*Dataset*:
• • •

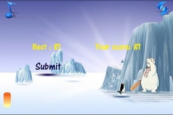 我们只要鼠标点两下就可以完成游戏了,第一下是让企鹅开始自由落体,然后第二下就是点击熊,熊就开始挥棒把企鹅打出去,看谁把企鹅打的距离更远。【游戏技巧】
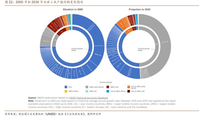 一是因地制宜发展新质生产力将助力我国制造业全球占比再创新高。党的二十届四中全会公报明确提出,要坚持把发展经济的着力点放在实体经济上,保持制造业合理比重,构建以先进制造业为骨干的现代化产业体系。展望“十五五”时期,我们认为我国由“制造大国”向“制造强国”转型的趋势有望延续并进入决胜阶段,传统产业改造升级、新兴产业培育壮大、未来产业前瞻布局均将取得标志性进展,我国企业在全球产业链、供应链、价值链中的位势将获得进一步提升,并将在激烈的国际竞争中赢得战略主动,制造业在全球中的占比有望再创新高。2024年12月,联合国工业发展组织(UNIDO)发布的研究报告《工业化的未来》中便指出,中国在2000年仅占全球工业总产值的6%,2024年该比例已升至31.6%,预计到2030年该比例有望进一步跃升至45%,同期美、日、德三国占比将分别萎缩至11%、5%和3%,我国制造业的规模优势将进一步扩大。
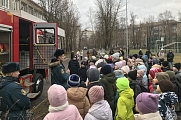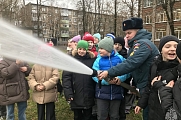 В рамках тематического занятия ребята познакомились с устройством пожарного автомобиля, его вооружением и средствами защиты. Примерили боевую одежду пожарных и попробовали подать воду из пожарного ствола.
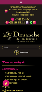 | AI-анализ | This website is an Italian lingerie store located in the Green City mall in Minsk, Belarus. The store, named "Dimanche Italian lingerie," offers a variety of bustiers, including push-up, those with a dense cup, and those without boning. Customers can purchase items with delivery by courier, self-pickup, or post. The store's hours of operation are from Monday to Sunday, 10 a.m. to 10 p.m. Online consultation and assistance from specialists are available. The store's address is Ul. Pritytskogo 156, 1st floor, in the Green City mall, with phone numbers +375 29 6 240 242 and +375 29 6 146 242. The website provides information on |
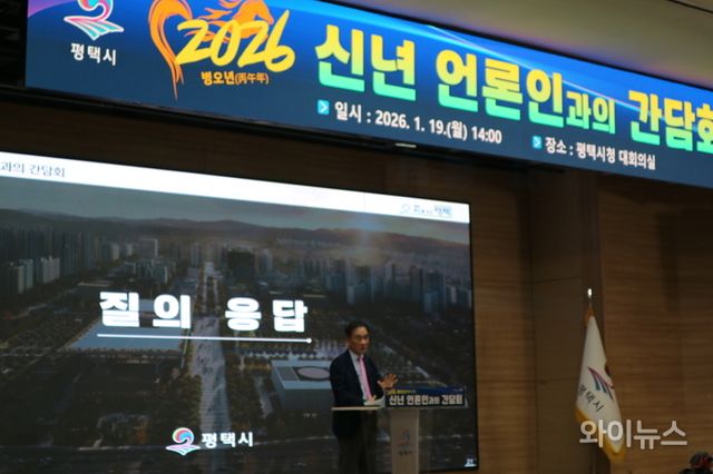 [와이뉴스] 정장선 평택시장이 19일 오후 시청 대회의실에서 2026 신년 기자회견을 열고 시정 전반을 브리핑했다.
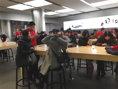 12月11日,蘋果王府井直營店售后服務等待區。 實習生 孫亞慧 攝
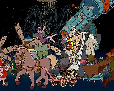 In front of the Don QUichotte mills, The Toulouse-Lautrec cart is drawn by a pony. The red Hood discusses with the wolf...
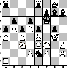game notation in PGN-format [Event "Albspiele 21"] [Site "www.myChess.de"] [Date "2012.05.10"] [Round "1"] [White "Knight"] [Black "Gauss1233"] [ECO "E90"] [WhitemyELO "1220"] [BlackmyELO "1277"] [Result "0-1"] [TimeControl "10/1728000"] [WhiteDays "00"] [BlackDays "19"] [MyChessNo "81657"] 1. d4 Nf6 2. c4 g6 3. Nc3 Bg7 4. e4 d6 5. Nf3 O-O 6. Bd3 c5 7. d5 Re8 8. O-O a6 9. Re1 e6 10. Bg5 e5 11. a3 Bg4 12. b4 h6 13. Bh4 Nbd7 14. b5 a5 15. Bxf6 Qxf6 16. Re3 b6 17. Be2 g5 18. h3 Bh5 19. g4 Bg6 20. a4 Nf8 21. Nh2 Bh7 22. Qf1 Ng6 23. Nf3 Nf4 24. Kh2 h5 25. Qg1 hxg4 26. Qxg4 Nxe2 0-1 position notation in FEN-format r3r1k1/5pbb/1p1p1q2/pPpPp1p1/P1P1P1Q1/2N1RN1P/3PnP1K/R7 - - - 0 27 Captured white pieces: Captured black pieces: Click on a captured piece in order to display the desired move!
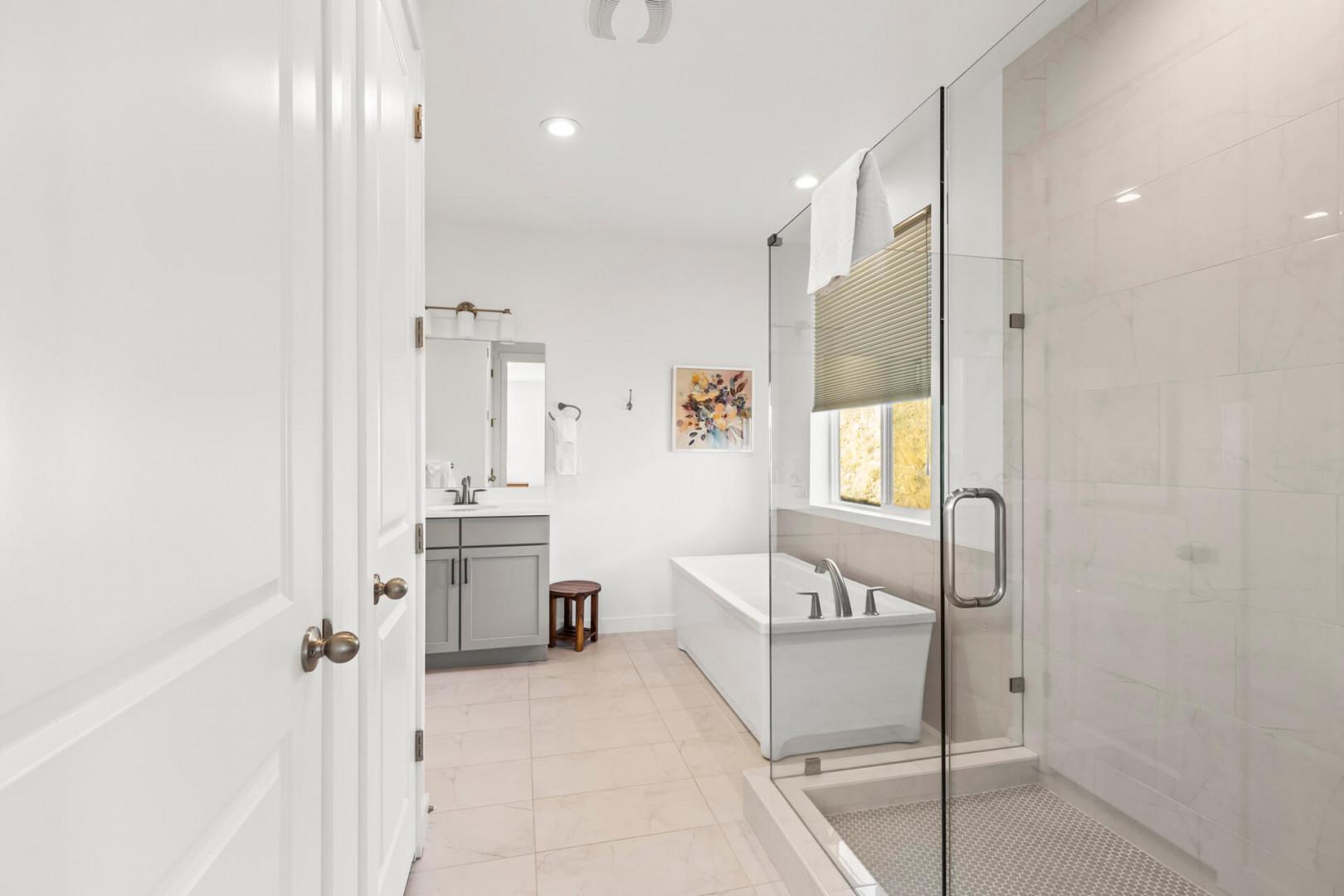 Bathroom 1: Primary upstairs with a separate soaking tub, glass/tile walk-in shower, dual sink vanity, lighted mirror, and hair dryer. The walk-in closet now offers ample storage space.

• • •

*What is expected*: Quote the records above in full, dropping each picture.

*Result for this exercise*:
 我们只要鼠标点两下就可以完成游戏了,第一下是让企鹅开始自由落体,然后第二下就是点击熊,熊就开始挥棒把企鹅打出去,看谁把企鹅打的距离更远。【游戏技巧】
 一是因地制宜发展新质生产力将助力我国制造业全球占比再创新高。党的二十届四中全会公报明确提出,要坚持把发展经济的着力点放在实体经济上,保持制造业合理比重,构建以先进制造业为骨干的现代化产业体系。展望“十五五”时期,我们认为我国由“制造大国”向“制造强国”转型的趋势有望延续并进入决胜阶段,传统产业改造升级、新兴产业培育壮大、未来产业前瞻布局均将取得标志性进展,我国企业在全球产业链、供应链、价值链中的位势将获得进一步提升,并将在激烈的国际竞争中赢得战略主动,制造业在全球中的占比有望再创新高。2024年12月,联合国工业发展组织(UNIDO)发布的研究报告《工业化的未来》中便指出,中国在2000年仅占全球工业总产值的6%,2024年该比例已升至31.6%,预计到2030年该比例有望进一步跃升至45%,同期美、日、德三国占比将分别萎缩至11%、5%和3%,我国制造业的规模优势将进一步扩大。
 В рамках тематического занятия ребята познакомились с устройством пожарного автомобиля, его вооружением и средствами защиты. Примерили боевую одежду пожарных и попробовали подать воду из пожарного ствола.
 | AI-анализ | This website is an Italian lingerie store located in the Green City mall in Minsk, Belarus. The store, named "Dimanche Italian lingerie," offers a variety of bustiers, including push-up, those with a dense cup, and those without boning. Customers can purchase items with delivery by courier, self-pickup, or post. The store's hours of operation are from Monday to Sunday, 10 a.m. to 10 p.m. Online consultation and assistance from specialists are available. The store's address is Ul. Pritytskogo 156, 1st floor, in the Green City mall, with phone numbers +375 29 6 240 242 and +375 29 6 146 242. The website provides information on |
 [와이뉴스] 정장선 평택시장이 19일 오후 시청 대회의실에서 2026 신년 기자회견을 열고 시정 전반을 브리핑했다.
 12月11日,蘋果王府井直營店售后服務等待區。 實習生 孫亞慧 攝
 In front of the Don QUichotte mills, The Toulouse-Lautrec cart is drawn by a pony. The red Hood discusses with the wolf...
game notation in PGN-format [Event "Albspiele 21"] [Site "www.myChess.de"] [Date "2012.05.10"] [Round "1"] [White "Knight"] [Black "Gauss1233"] [ECO "E90"] [WhitemyELO "1220"] [BlackmyELO "1277"] [Result "0-1"] [TimeControl "10/1728000"] [WhiteDays "00"] [BlackDays "19"] [MyChessNo "81657"] 1. d4 Nf6 2. c4 g6 3. Nc3 Bg7 4. e4 d6 5. Nf3 O-O 6. Bd3 c5 7. d5 Re8 8. O-O a6 9. Re1 e6 10. Bg5 e5 11. a3 Bg4 12. b4 h6 13. Bh4 Nbd7 14. b5 a5 15. Bxf6 Qxf6 16. Re3 b6 17. Be2 g5 18. h3 Bh5 19. g4 Bg6 20. a4 Nf8 21. Nh2 Bh7 22. Qf1 Ng6 23. Nf3 Nf4 24. Kh2 h5 25. Qg1 hxg4 26. Qxg4 Nxe2 0-1 position notation in FEN-format r3r1k1/5pbb/1p1p1q2/pPpPp1p1/P1P1P1Q1/2N1RN1P/3PnP1K/R7 - - - 0 27 Captured white pieces: Captured black pieces: Click on a captured piece in order to display the desired move!
 Bathroom 1: Primary upstairs with a separate soaking tub, glass/tile walk-in shower, dual sink vanity, lighted mirror, and hair dryer. The walk-in closet now offers ample storage space.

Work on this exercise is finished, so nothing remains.